# Task requirements
Go through the listing and copy each line that has the string "from" in it.

*** Data for this task ***

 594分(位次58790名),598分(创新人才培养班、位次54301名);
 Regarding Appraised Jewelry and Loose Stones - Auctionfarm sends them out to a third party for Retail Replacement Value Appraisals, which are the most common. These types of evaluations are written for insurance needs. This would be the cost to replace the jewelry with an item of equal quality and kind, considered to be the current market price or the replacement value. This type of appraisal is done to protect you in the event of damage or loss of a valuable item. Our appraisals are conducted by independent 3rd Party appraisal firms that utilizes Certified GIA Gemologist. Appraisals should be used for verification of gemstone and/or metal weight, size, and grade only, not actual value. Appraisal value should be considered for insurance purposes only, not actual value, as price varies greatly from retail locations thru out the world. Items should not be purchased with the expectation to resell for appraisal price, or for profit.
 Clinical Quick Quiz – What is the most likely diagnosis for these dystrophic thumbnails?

*** End of Data for this task ***
*** Data for this task ***

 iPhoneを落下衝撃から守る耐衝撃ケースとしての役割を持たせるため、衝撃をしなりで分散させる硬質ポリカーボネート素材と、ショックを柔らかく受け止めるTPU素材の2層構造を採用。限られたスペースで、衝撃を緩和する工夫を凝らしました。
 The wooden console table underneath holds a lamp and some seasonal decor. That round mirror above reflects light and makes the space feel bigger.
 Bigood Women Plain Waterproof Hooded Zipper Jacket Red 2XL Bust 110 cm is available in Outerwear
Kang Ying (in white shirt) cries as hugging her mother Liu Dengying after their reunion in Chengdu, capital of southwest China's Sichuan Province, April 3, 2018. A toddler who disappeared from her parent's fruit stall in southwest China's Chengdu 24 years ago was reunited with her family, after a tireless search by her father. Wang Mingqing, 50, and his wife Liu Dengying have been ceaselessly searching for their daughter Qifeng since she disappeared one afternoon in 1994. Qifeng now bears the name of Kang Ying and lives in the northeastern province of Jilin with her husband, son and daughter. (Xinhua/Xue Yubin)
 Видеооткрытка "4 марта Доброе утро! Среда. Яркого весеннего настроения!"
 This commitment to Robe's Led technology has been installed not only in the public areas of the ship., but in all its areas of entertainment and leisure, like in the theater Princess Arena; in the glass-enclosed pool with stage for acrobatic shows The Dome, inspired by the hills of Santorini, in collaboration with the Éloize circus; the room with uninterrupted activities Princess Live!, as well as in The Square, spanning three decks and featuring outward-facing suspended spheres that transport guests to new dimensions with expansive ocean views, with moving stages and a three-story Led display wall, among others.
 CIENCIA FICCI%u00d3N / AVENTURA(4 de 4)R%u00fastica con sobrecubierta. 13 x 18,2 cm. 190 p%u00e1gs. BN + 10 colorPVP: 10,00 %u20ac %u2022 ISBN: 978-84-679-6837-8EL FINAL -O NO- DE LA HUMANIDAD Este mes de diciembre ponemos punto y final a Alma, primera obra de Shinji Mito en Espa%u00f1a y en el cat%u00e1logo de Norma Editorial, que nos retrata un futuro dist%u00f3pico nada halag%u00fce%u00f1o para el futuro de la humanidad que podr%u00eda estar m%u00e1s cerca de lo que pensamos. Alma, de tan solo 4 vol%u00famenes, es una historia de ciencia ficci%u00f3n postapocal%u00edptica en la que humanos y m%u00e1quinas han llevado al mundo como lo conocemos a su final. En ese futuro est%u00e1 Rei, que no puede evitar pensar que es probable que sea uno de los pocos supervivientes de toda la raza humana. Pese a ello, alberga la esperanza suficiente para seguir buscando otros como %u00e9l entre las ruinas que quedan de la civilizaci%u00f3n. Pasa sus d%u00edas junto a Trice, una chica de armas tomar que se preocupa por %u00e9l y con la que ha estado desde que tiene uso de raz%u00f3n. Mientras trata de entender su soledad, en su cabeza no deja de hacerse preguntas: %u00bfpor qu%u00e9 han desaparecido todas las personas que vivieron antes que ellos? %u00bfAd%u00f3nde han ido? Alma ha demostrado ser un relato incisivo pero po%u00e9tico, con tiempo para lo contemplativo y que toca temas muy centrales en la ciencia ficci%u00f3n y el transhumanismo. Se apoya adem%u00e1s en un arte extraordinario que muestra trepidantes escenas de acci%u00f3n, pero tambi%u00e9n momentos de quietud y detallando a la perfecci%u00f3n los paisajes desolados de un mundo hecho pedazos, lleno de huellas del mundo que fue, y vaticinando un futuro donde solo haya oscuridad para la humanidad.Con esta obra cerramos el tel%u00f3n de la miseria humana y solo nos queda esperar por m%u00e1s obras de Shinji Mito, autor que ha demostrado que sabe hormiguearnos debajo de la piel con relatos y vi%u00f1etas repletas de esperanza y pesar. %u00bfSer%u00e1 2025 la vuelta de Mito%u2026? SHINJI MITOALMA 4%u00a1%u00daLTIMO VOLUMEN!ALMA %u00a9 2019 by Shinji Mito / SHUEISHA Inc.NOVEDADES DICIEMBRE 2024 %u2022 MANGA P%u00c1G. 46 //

*** End of Data for this task ***
*** Data for this task ***

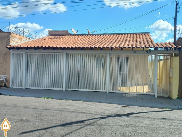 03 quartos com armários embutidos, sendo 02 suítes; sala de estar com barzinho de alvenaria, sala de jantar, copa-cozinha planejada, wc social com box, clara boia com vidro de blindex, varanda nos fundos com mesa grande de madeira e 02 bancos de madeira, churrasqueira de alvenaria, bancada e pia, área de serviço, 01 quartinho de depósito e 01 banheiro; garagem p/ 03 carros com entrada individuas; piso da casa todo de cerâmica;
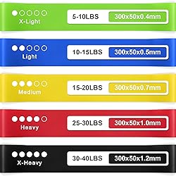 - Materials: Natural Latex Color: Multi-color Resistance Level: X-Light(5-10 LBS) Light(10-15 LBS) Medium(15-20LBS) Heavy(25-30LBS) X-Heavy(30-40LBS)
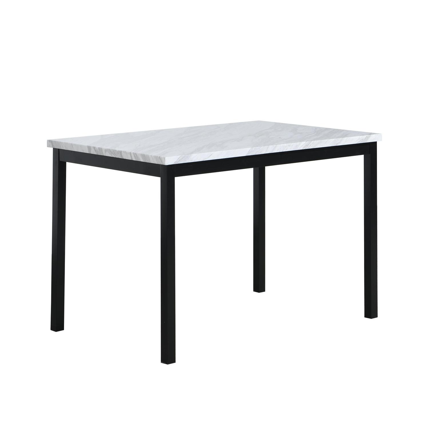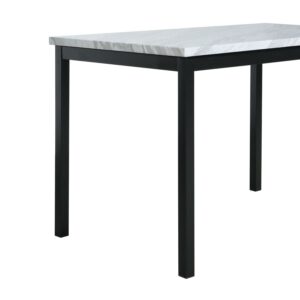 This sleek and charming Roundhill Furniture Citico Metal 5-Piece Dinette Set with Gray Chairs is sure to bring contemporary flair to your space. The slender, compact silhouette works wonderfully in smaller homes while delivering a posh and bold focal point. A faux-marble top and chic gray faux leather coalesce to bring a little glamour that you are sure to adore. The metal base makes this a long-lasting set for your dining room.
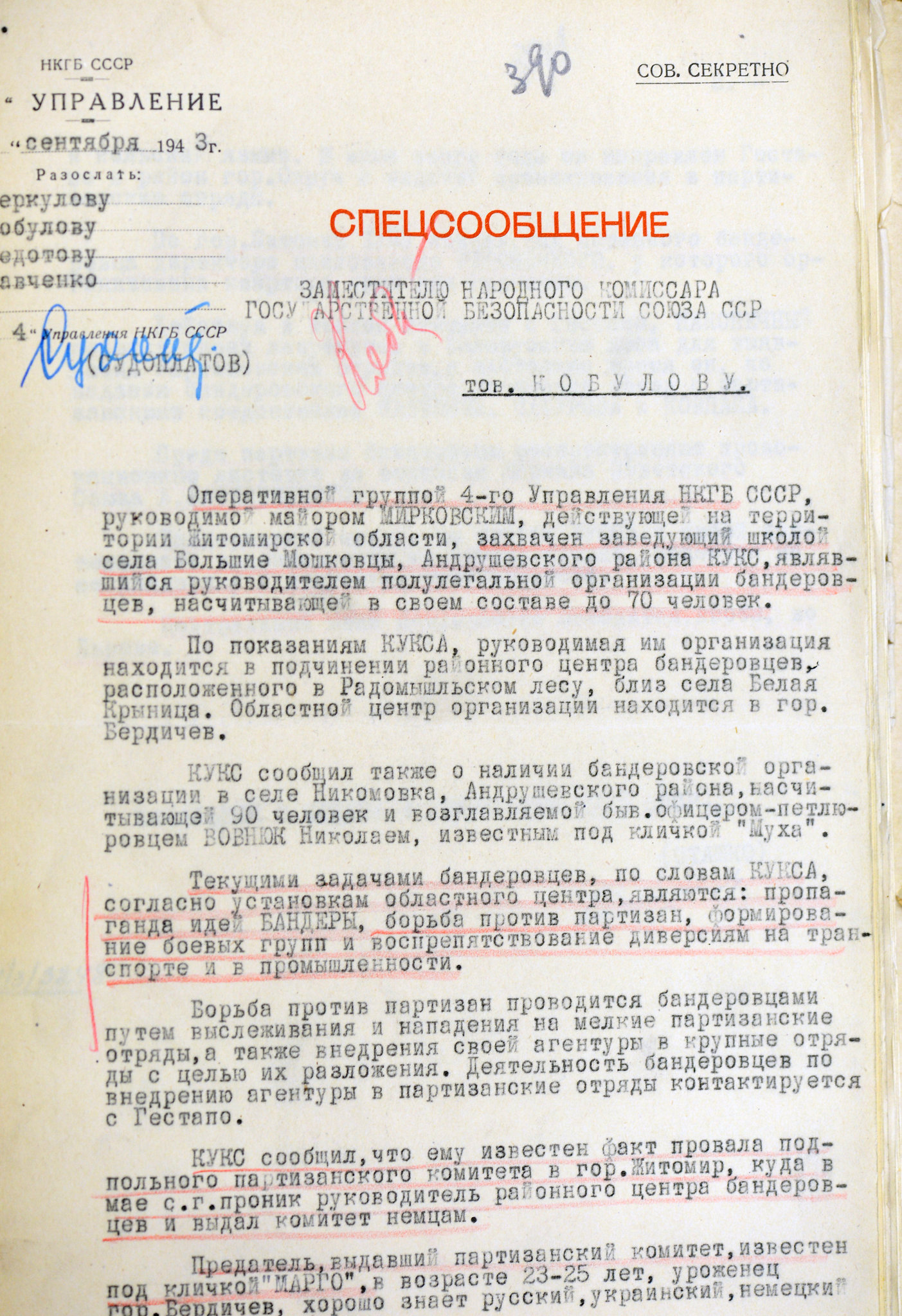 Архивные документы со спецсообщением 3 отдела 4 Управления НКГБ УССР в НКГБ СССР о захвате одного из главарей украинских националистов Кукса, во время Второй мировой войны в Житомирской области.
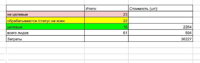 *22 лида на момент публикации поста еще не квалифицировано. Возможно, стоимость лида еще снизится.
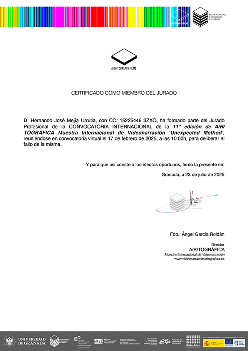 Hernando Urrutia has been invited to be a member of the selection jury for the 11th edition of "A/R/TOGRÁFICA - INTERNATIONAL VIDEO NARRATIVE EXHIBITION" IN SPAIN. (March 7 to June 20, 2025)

*** End of Data for this task ***

# Written answer
 Regarding Appraised Jewelry and Loose Stones - Auctionfarm sends them out to a third party for Retail Replacement Value Appraisals, which are the most common. These types of evaluations are written for insurance needs. This would be the cost to replace the jewelry with an item of equal quality and kind, considered to be the current market price or the replacement value. This type of appraisal is done to protect you in the event of damage or loss of a valuable item. Our appraisals are conducted by independent 3rd Party appraisal firms that utilizes Certified GIA Gemologist. Appraisals should be used for verification of gemstone and/or metal weight, size, and grade only, not actual value. Appraisal value should be considered for insurance purposes only, not actual value, as price varies greatly from retail locations thru out the world. Items should not be purchased with the expectation to resell for appraisal price, or for profit.
Kang Ying (in white shirt) cries as hugging her mother Liu Dengying after their reunion in Chengdu, capital of southwest China's Sichuan Province, April 3, 2018. A toddler who disappeared from her parent's fruit stall in southwest China's Chengdu 24 years ago was reunited with her family, after a tireless search by her father. Wang Mingqing, 50, and his wife Liu Dengying have been ceaselessly searching for their daughter Qifeng since she disappeared one afternoon in 1994. Qifeng now bears the name of Kang Ying and lives in the northeastern province of Jilin with her husband, son and daughter. (Xinhua/Xue Yubin)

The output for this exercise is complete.